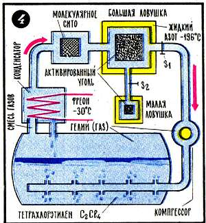 На действующей модели видны все основные этапы извлечения атомов аргона (рис. 4): тетрахлорэтилен продувается гелием и из бака выходит смесь газов; в нее входят и единичные атомы аргона-37, образовавшиеся из хлора под действием нейтрино; для начала смесь газов охлаждают, тетрахлорэтилен конденсируется и возвращается обратно в бак; оставшиеся газы дополнительно очищаются, проходя через молекулярное сито; затем все инертные газы собирают в большую ловушку из активированного угля; сравнительно маленькие атомы гелия беспрепятственно проходят через ловушку и возвращаются обратно в бак. Это уже физика плюс экономика. После нескольких недель экспонирования, нескольких часов продувки систему на короткое время перекрывает заслонкой 31 и перегоняют смесь газов в малую ловушку, а ее переносят в другую установку; здесь хромотографическая колонка отделяет аргон от других инертных газов, а титановый фильтр окончательно очищает его; аргон-37 – элемент неустойчивый, он постепенно распадается, и каждый распад регистрируется сверхчувствительным счетчиком; чтобы исключить ложные срабатывания счетчика, его защищают массивными металлическими экранами и, кроме того, окружают сцинтилляционными счетчиками. Если они срабатывают одновременно с основным, значит, событие вызвано какой-то внешней помехой и импульс не засчитывается. Импульс засчитывается только в том случае, если при срабатывании основного счетчика остальные молчат. Это значит, что срабатывание вызвано не внешним, а внутренним событием – распадом аргона.
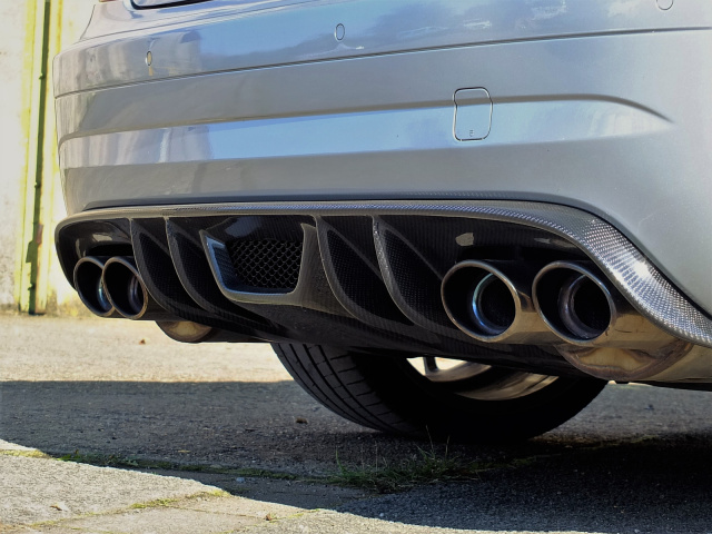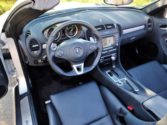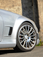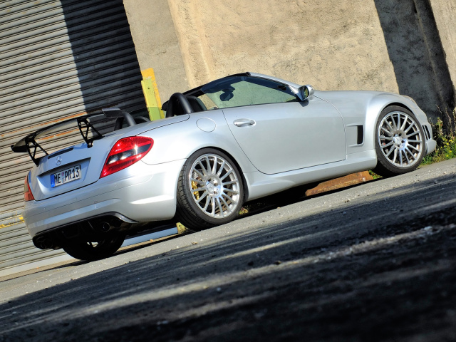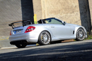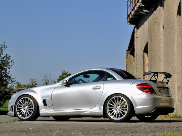 Weitere Veränderungen an den Äußerlichkeiten liegen in Form einer Carlsson-Frontschürze mit AMG Black Series-Lufteinlässen und einem Piecha Design Carbon-Heckdiffusor vor. Im Innenraum verändern leichtere Sitze vom C63 Black Series und ein 2008er Performance-Lenkrad mit Aluminium-Schaltwippen das werksseitige Setup des Mercedes-Benz SLK 55 AMG.
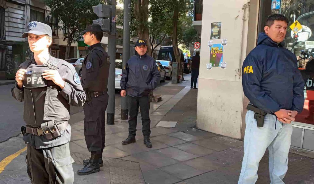 Officers from the Federal Police stand guard outside the house of Cristina Fernández de Kirchner the day after the assassination attempt. © CC 4.0

____________________

- YOUR TASK -
Return the listing above in full and exactly, omitting all pictures.

- YOUR SOLUTION -
 На действующей модели видны все основные этапы извлечения атомов аргона (рис. 4): тетрахлорэтилен продувается гелием и из бака выходит смесь газов; в нее входят и единичные атомы аргона-37, образовавшиеся из хлора под действием нейтрино; для начала смесь газов охлаждают, тетрахлорэтилен конденсируется и возвращается обратно в бак; оставшиеся газы дополнительно очищаются, проходя через молекулярное сито; затем все инертные газы собирают в большую ловушку из активированного угля; сравнительно маленькие атомы гелия беспрепятственно проходят через ловушку и возвращаются обратно в бак. Это уже физика плюс экономика. После нескольких недель экспонирования, нескольких часов продувки систему на короткое время перекрывает заслонкой 31 и перегоняют смесь газов в малую ловушку, а ее переносят в другую установку; здесь хромотографическая колонка отделяет аргон от других инертных газов, а титановый фильтр окончательно очищает его; аргон-37 – элемент неустойчивый, он постепенно распадается, и каждый распад регистрируется сверхчувствительным счетчиком; чтобы исключить ложные срабатывания счетчика, его защищают массивными металлическими экранами и, кроме того, окружают сцинтилляционными счетчиками. Если они срабатывают одновременно с основным, значит, событие вызвано какой-то внешней помехой и импульс не засчитывается. Импульс засчитывается только в том случае, если при срабатывании основного счетчика остальные молчат. Это значит, что срабатывание вызвано не внешним, а внутренним событием – распадом аргона.
 Weitere Veränderungen an den Äußerlichkeiten liegen in Form einer Carlsson-Frontschürze mit AMG Black Series-Lufteinlässen und einem Piecha Design Carbon-Heckdiffusor vor. Im Innenraum verändern leichtere Sitze vom C63 Black Series und ein 2008er Performance-Lenkrad mit Aluminium-Schaltwippen das werksseitige Setup des Mercedes-Benz SLK 55 AMG.
 Officers from the Federal Police stand guard outside the house of Cristina Fernández de Kirchner the day after the assassination attempt. © CC 4.0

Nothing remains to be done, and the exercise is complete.